Data section:
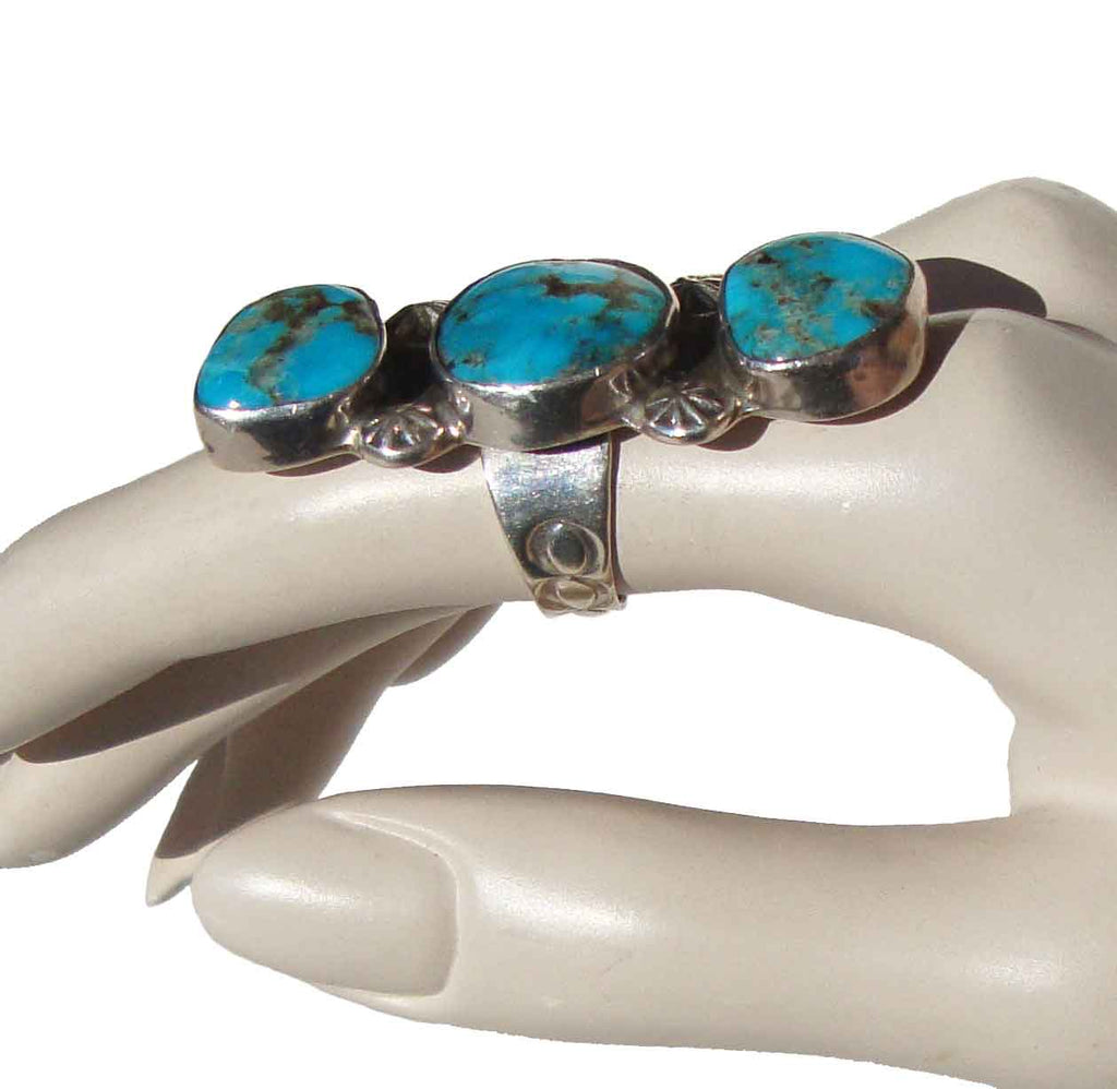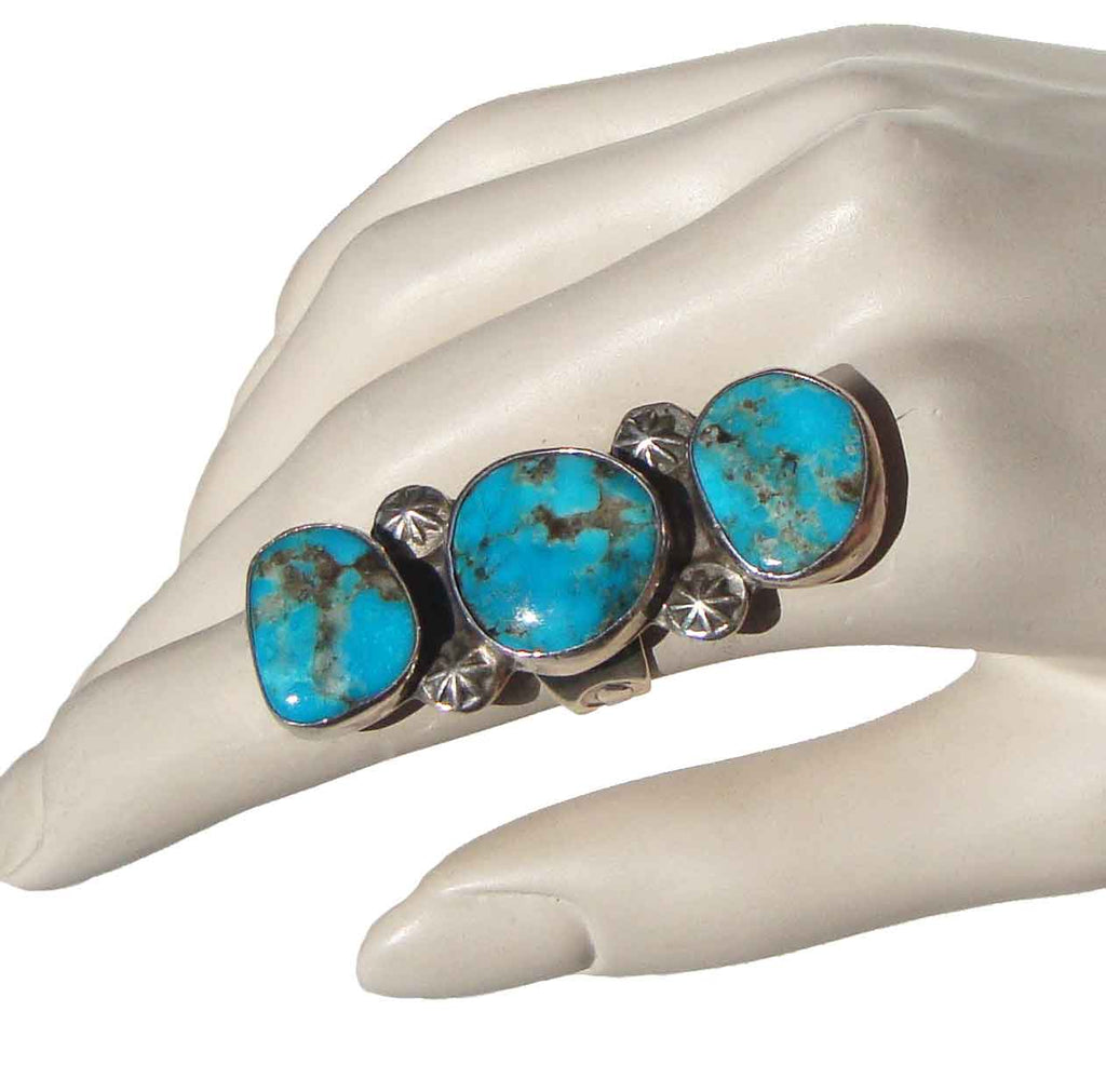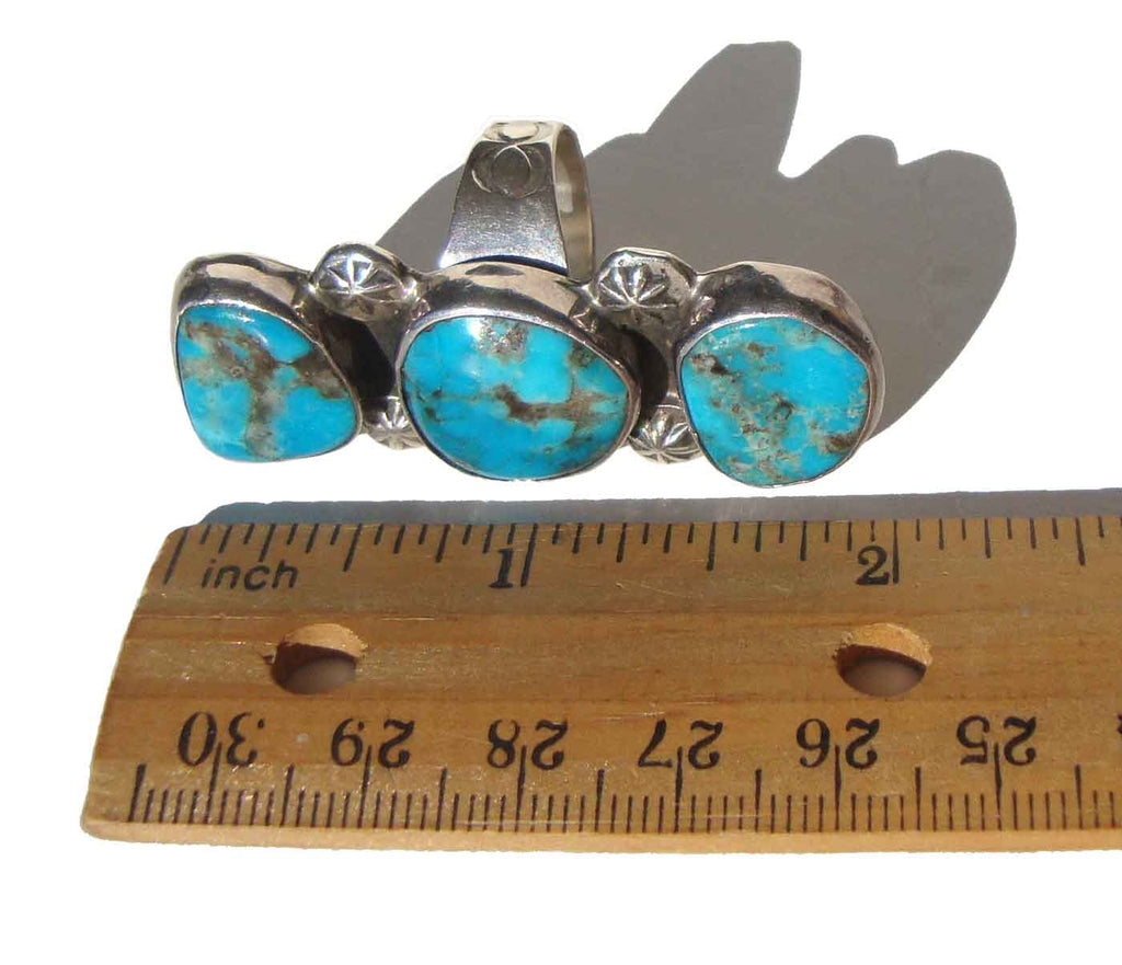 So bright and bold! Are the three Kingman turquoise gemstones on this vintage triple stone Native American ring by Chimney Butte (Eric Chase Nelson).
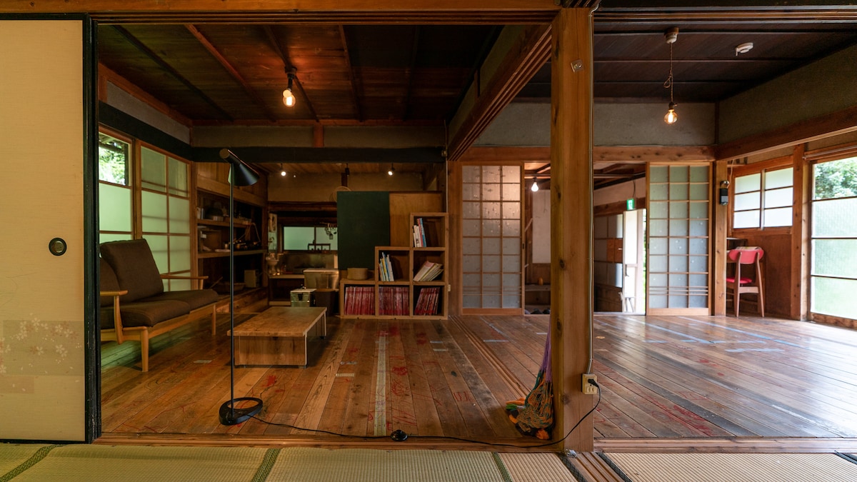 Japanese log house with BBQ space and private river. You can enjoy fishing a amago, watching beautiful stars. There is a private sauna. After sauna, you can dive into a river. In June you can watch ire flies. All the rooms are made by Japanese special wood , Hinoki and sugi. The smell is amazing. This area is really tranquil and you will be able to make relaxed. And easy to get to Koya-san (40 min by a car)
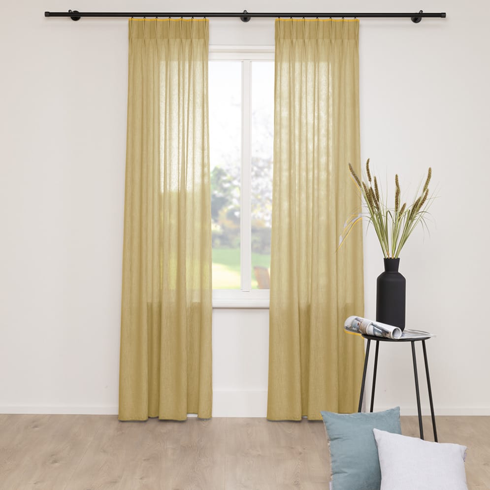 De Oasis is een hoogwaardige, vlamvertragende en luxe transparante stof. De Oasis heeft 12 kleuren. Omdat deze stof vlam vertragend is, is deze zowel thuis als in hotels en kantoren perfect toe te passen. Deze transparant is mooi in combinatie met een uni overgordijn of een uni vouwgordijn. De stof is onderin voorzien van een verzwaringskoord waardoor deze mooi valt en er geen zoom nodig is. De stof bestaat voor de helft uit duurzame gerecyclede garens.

Task goal:
Output nothing but the lines from the line with "Japanese log house" through the last line of the material above, please, word for word and without the pictures.

Your solution:
 Japanese log house with BBQ space and private river. You can enjoy fishing a amago, watching beautiful stars. There is a private sauna. After sauna, you can dive into a river. In June you can watch ire flies. All the rooms are made by Japanese special wood , Hinoki and sugi. The smell is amazing. This area is really tranquil and you will be able to make relaxed. And easy to get to Koya-san (40 min by a car)
 De Oasis is een hoogwaardige, vlamvertragende en luxe transparante stof. De Oasis heeft 12 kleuren. Omdat deze stof vlam vertragend is, is deze zowel thuis als in hotels en kantoren perfect toe te passen. Deze transparant is mooi in combinatie met een uni overgordijn of een uni vouwgordijn. De stof is onderin voorzien van een verzwaringskoord waardoor deze mooi valt en er geen zoom nodig is. De stof bestaat voor de helft uit duurzame gerecyclede garens.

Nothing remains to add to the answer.